Infrastructure, Sizing & Performance

Meshery’s resource footprint is driven by two largely independent forces: the volume of user-facing API and UI traffic, and the scope of infrastructure it continuously discovers. Sizing a production deployment means accounting for both. This page provides per-component resource guidance, the levers you can pull to scale, and the performance bounds to design around.

No one-size-fits-all numbers

The Helm chart intentionally ships with no default CPU/memory requests or limits so Meshery can start on small clusters. That default is not a production recommendation. Set requests and limits explicitly, measure under your own load, and iterate. The figures below are starting points, not guarantees.

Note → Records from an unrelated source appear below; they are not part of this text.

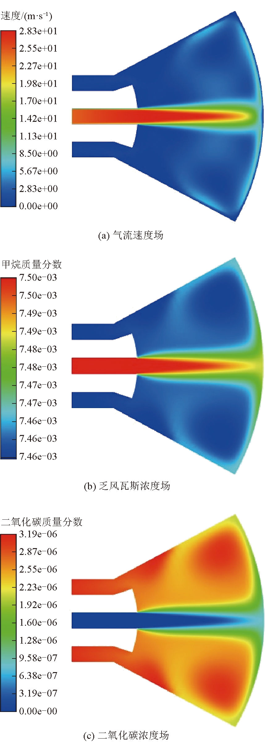 由图3可以看出,矿井乏风沿着中心轴线方向射入热氛围后,由于遇热在燃烧器中心轴线方向发生多点自燃现象,瓦斯浓度降低2.67%;随着火焰迅速向轴线方向扩散,逐渐形成稳定的轴向火焰;同时,在回流区生成了少量二氧化碳,在燃烧器出口处二氧化碳浓度达到了0.031 9%。
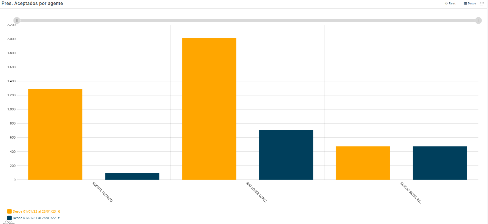 Importe total de los presupuestos aceptados de venta agrupados por agente del periodo actual. Esta gráfica muestra una comparativa con respecto al periodo anterior.
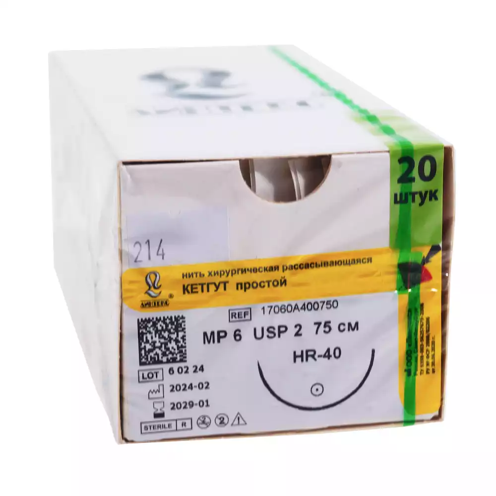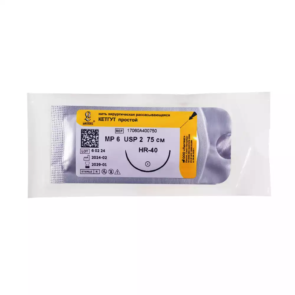 Кетгут простой USP-2 (MP6), длина нити 75см, игла колющая, изгиб 1/2 окружности, длина 25мм, стерильный
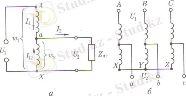 Екі орамды трансформаторға қарағанда, автотрансформатор бір орамнан тұрады және орамдарының бір бөлігі бір уақытта бірінші және екінші реттік тізбектерге жатады. 23, а-суретте төмендеткіш автотрансформатордың принципиалды сұлбасы көрсетілген, мұнда аХ - жалпы орам учаскісі арқылы I 12 ток өтеді .
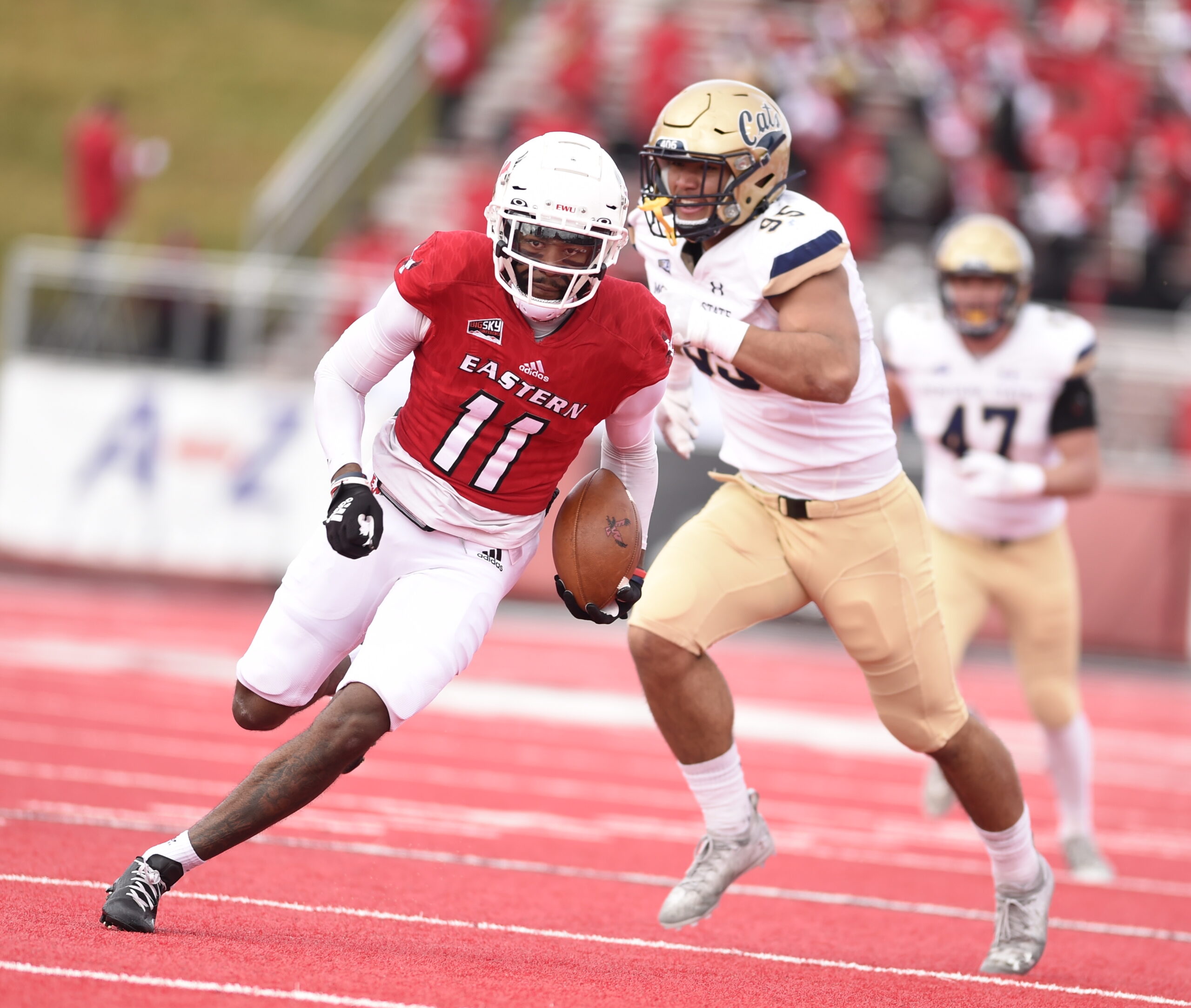 Stadium: Roos Field holds 8,700 fans. Complete with its trademark red turf, the stadium is named after Michael Roos, an All-Big Sky offensive lineman who is currently a Pro Bowl offensive lineman for the Tennessee Titans. EWU drew just 3,932 to its opener.

What drives Meshery’s footprint

Driver	Primary effect	Components affected
Number and size of managed clusters	Larger MeshSync snapshot; more events; larger database	MeshSync, Broker, Meshery Server, Database
Rate of change in managed clusters	Higher event throughput	Broker, MeshSync, Meshery Server
Concurrent users and API/GraphQL load	More request handling; capability lookups	Meshery Server
Designs, models, and registry size	Larger in-memory registry and database	Meshery Server
Relationship/policy evaluation	CPU during evaluation	Meshery Server

The discovery-driven forces are easy to underestimate. A handful of large, rapidly changing clusters can place more sustained load on Meshery than a busy but small user base. Size for your discovery scope first.

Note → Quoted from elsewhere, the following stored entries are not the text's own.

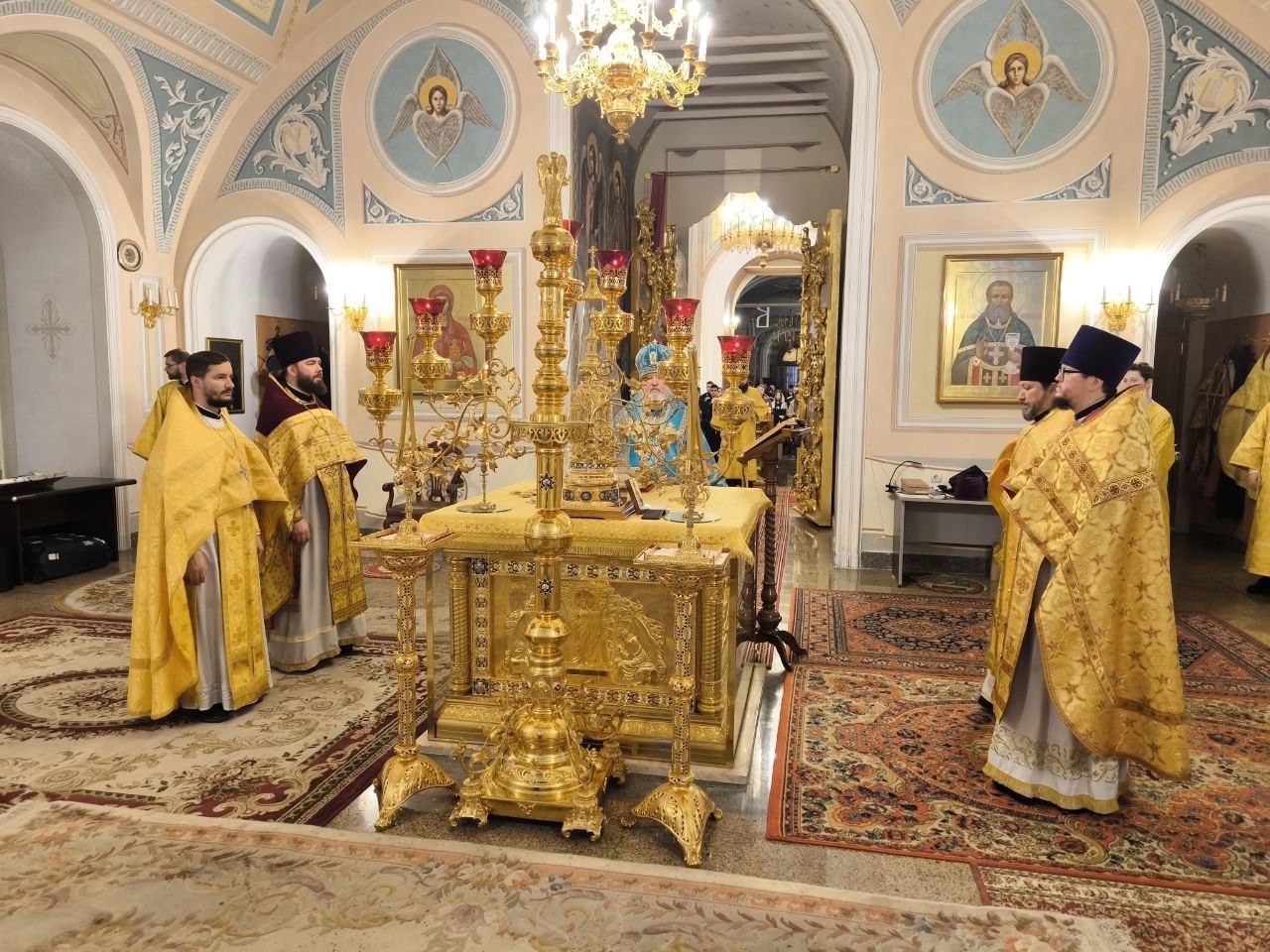 Богослужение возглавил почетный настоятель храма, председатель Синодального комитета по взаимодействию с казачеством, Синодального отдела по взаимодействию с Вооруженными Силами и правоохранительными органами митрополит Ставропольский и Невинномысский Кирилл. Архипастырю сослужили настоятель храма иерей Тимофей Чайкин, председатель Коллегии по окормлению казачества при Отделе по взаимодействию с Вооруженными силами правоохранительными органами и казачеством Сергиево-Посадской епархии протоиерей Александр Азаров, духовник молодежной казачьей организации Терского казачьего войска «Терцы» иерей Михаил Кузьменко и духовенство подворья.
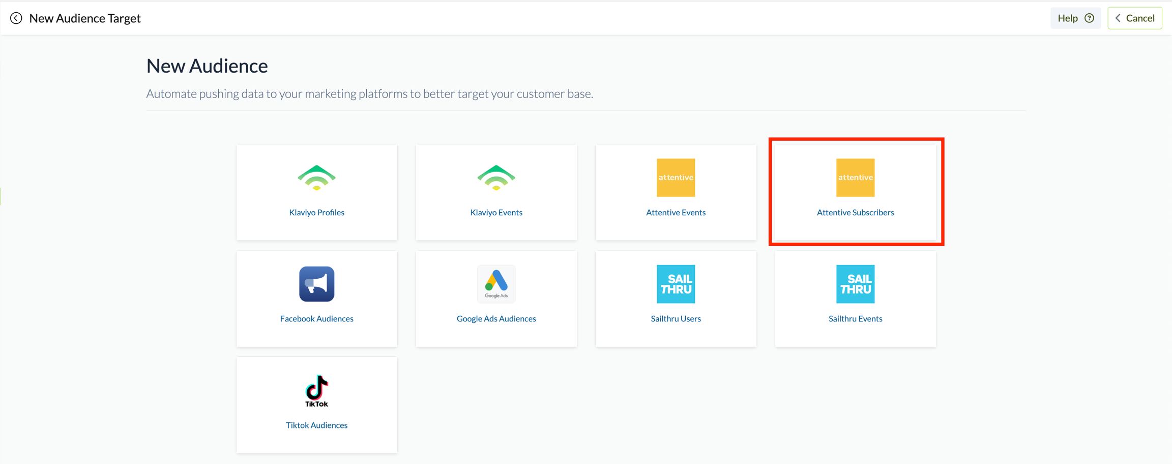 This page provides instructions on how to setup the Attentive Subscribers Target and push data into Attentive using the Attentive Custom Attributes API to build segments in Attentive
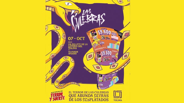 Durante el mes de octubre, la Lotería del Tolima presentará una serie de "Historias de Terror y Suerte", recreando esas situaciones que todos enfrentan cuando el dinero escasea. Desde no tener con qué pagar las cuentas, ser perseguidos por las deudas, hasta esos momentos en que llegan antojos y el cajero está en ceros. A través de esta estrategia comunicacional, se busca contarle a los colombianos que, con un plan de premios atractivo que superan los $9.600 millones de pesos y un premio mayor de $3.000 millones, la Lotería del Tolima es la llave para salir de esas situaciones que, para muchos, se vuelven auténticas pesadillas.

Per-component sizing guidance

Use these as conservative starting points for a production deployment, then right-size from observed utilization. Allocate generously where state is held (Meshery Server) and modestly where components are stateless and bursty (Operator, Adapters).

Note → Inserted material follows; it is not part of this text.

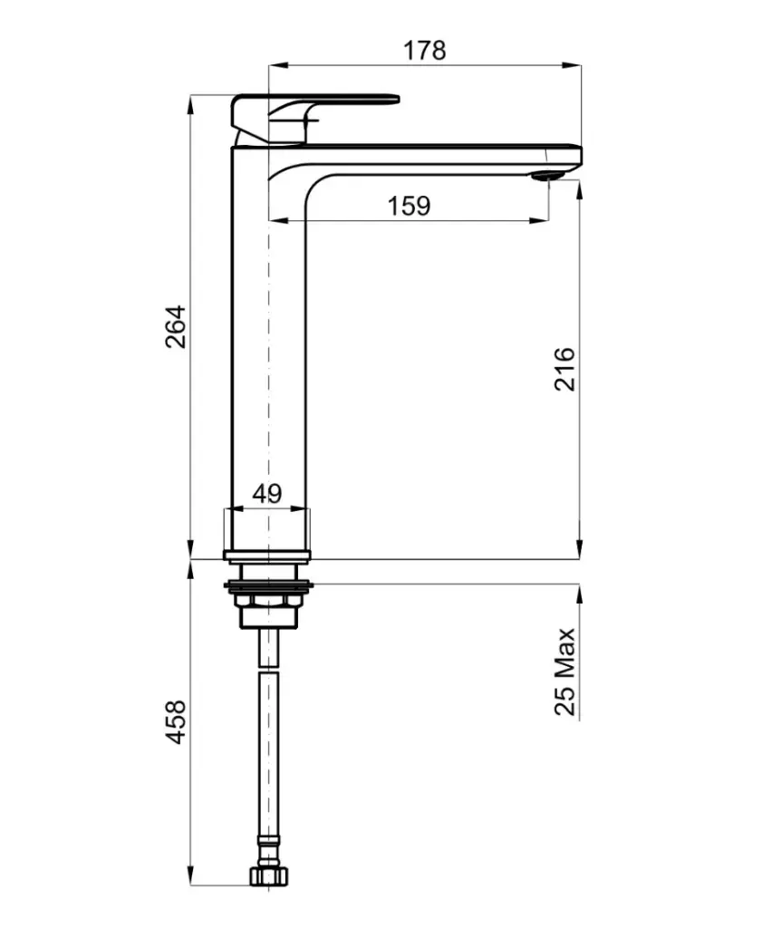 NOKEN CONCEPT N Однорычажный смеситель для раковины с высоким изливом, 5 л/мин, БЕЗ ДК, хром

Component	Starting requests	Starting limits	Notes
Meshery Server	500m CPU / 512Mi	2 CPU / 2Gi	Scale memory with discovery scope, registry size, and database growth. The largest and most important allocation.
Meshery Operator	50m CPU / 64Mi	200m CPU / 256Mi	One per managed cluster; lightweight reconciliation.
MeshSync	100m CPU / 128Mi	500m CPU / 512Mi+	Scale with cluster size and rate of change; the heaviest discovery component.
Meshery Broker (NATS)	100m CPU / 128Mi	500m CPU / 512Mi+	Memory tracks in-flight, unconsumed messages. Bursts during reconnects and large resyncs.
Meshery Adapter (each, optional)	50m CPU / 64Mi	200m CPU / 256Mi	Only if you deploy adapters; stateless and transactional.

Storage:

Meshery Server / Database. Provision disk for the on-disk cache under the Server’s data folder. The database grows with discovery scope and registry size. Because it is a cache (not a system of record), size for working-set performance rather than long-term retention—durable data lives with the Remote Provider.
Meshery Broker. No persistent volume is required; the Broker holds messages in memory until consumed. Size memory, not disk, for the Broker.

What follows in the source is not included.